[RFC] Transaction management overhaul is necessary?

Started by Tsunakawa, Takayukiabout 9 years ago4 messages

Tsunakawa, Takayuki

tsunakawa.takay@jp.fujitsu.com

about 9 years ago

Hello,

From our experience in handling customers' problems, I feel it's necessary to evolve PostgreSQL's transaction management. The concrete problems are:

1. PostgreSQL cannot end and begin transactions in PL/pgSQL and PL/Java stored functions.
This is often the reason people could not migrate to PostgreSQL.

2. PostgreSQL does not support statement-level rollback.
When some customer ran a batch app using psqlODBC, one postgres process used dozens of GBs of memory and crashed the OS. The batch app prepares some SQL statements with parameters, execute it five millions of times with different parameter values in a single transaction. They didn't experience a problem with Oracle.
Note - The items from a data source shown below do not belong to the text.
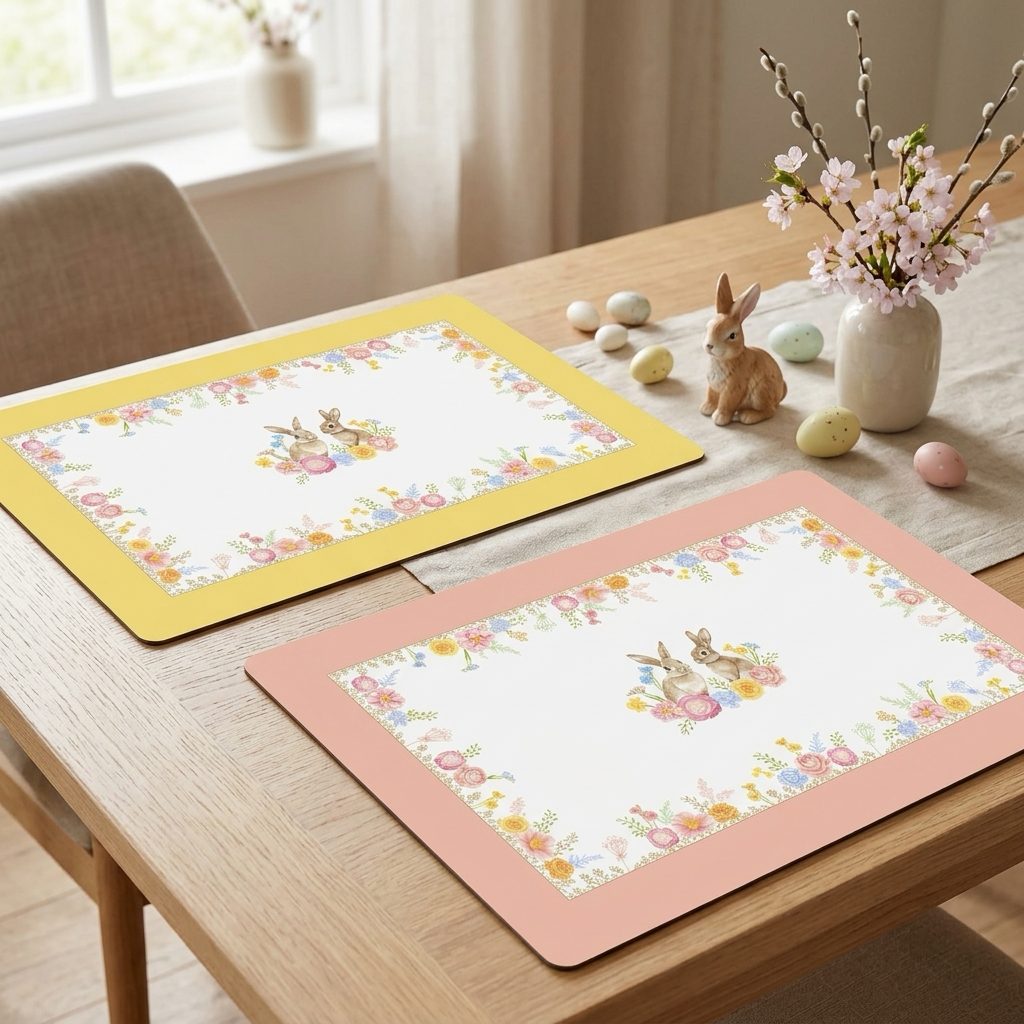Velikonoční oboustranné prostírání Tres Jolie 45 × 30 cm od značky Easy Life s motivem zajíčků a pastelových květin rozzáří váš jarní stůl. Praktické, dekorativní a snadno omyvatelné – ideální pro velikonoční stolování.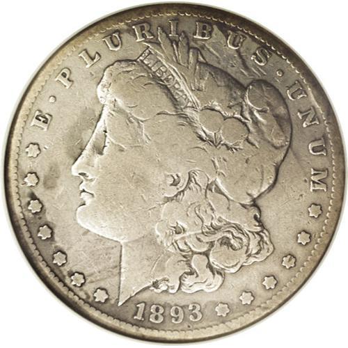 <B>1893-S<img border='0' src='http://www.heritagecoins.com/images/star.gif' width=10 height=10>$1>--Scratched--ANACS. VG Details, Net Good 6.</B></I> The rims are full on both sides and a pleasing amount of deep detail remains--but there is a long, arcing scratch through the lower hair curls and the neck. An affordable example that is better detailed than would otherwise be the case.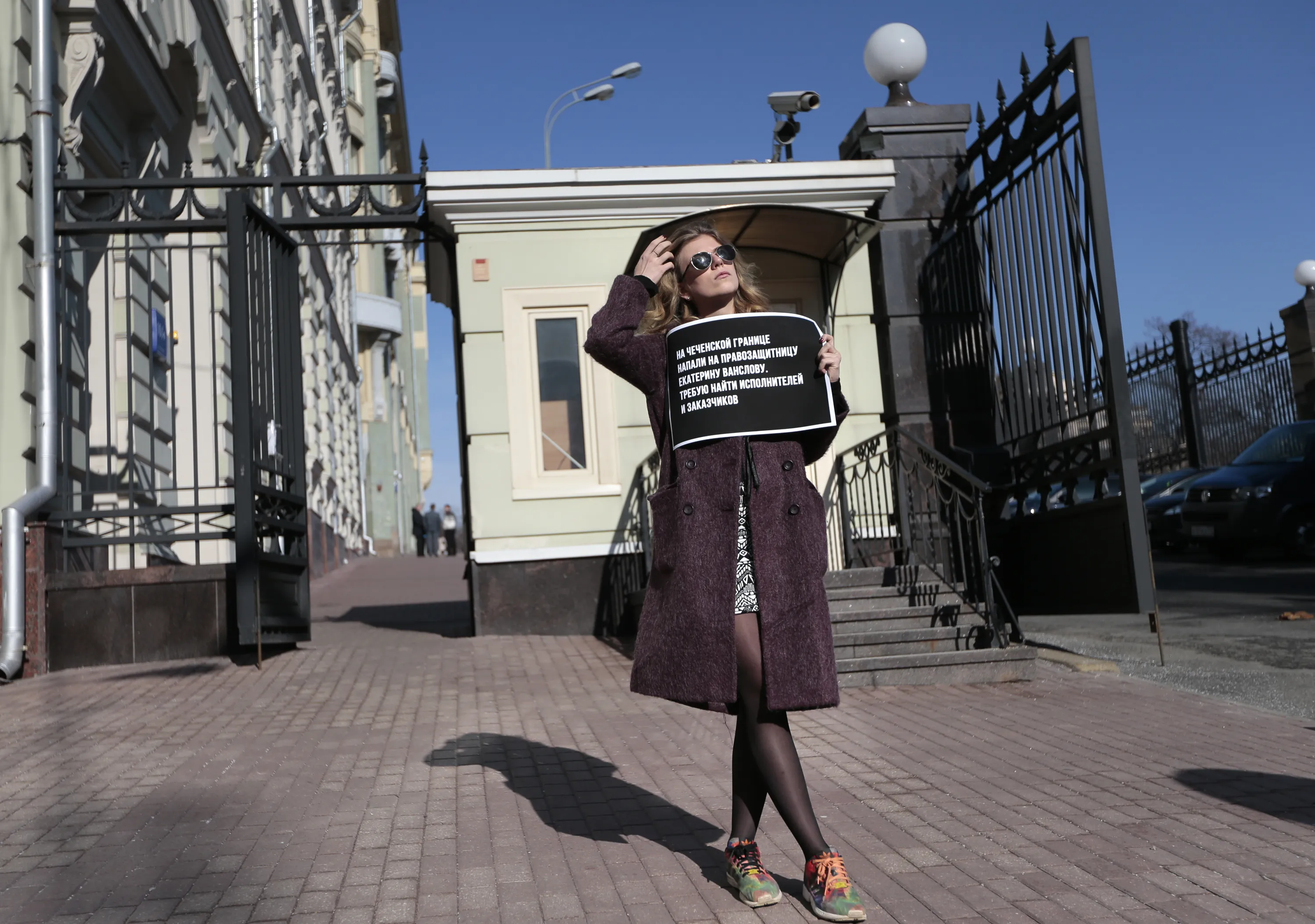 A human rights activist holds a poster as she pickets Russian President's Administration building in Moscow, Russia on Thursday, March 10. 2016. The Committee to Protect Journalists is blaming Russian authorities’ inattention to anti-media hostility as enabling the attack near Chechnya that left six journalists injured. The CPJ’s statement Thursday came a day after attackers intercepted a small bus carrying activists and journalists, beat them and set the vehicle afire. The poster reads: Human rights activist Yekaterina Vanslova was attacked at Chechen border, I demand that attackers and organizers should be found. (Photo by Ivan Sekretarev/AP Photo)

This was because psqlODBC starts and ends a subtransaction for each SQL statement by default to implement statement-level rollback. And PostgreSQL creates one CurTransactionContext memory context, which is 8KB, for each subtransaction and retain them until the top transaction ends. The total memory used becomes 40GB (8KB * 5 million subtransactions.) This was avoided by setting the Protocol parameter to 7.4-1, which means transaction-level rollback.

The savepoint approach for supporting statement-level rollback is inefficient, because it adds two roundtrips (SAVEPOINT and RELEASE) for each statement.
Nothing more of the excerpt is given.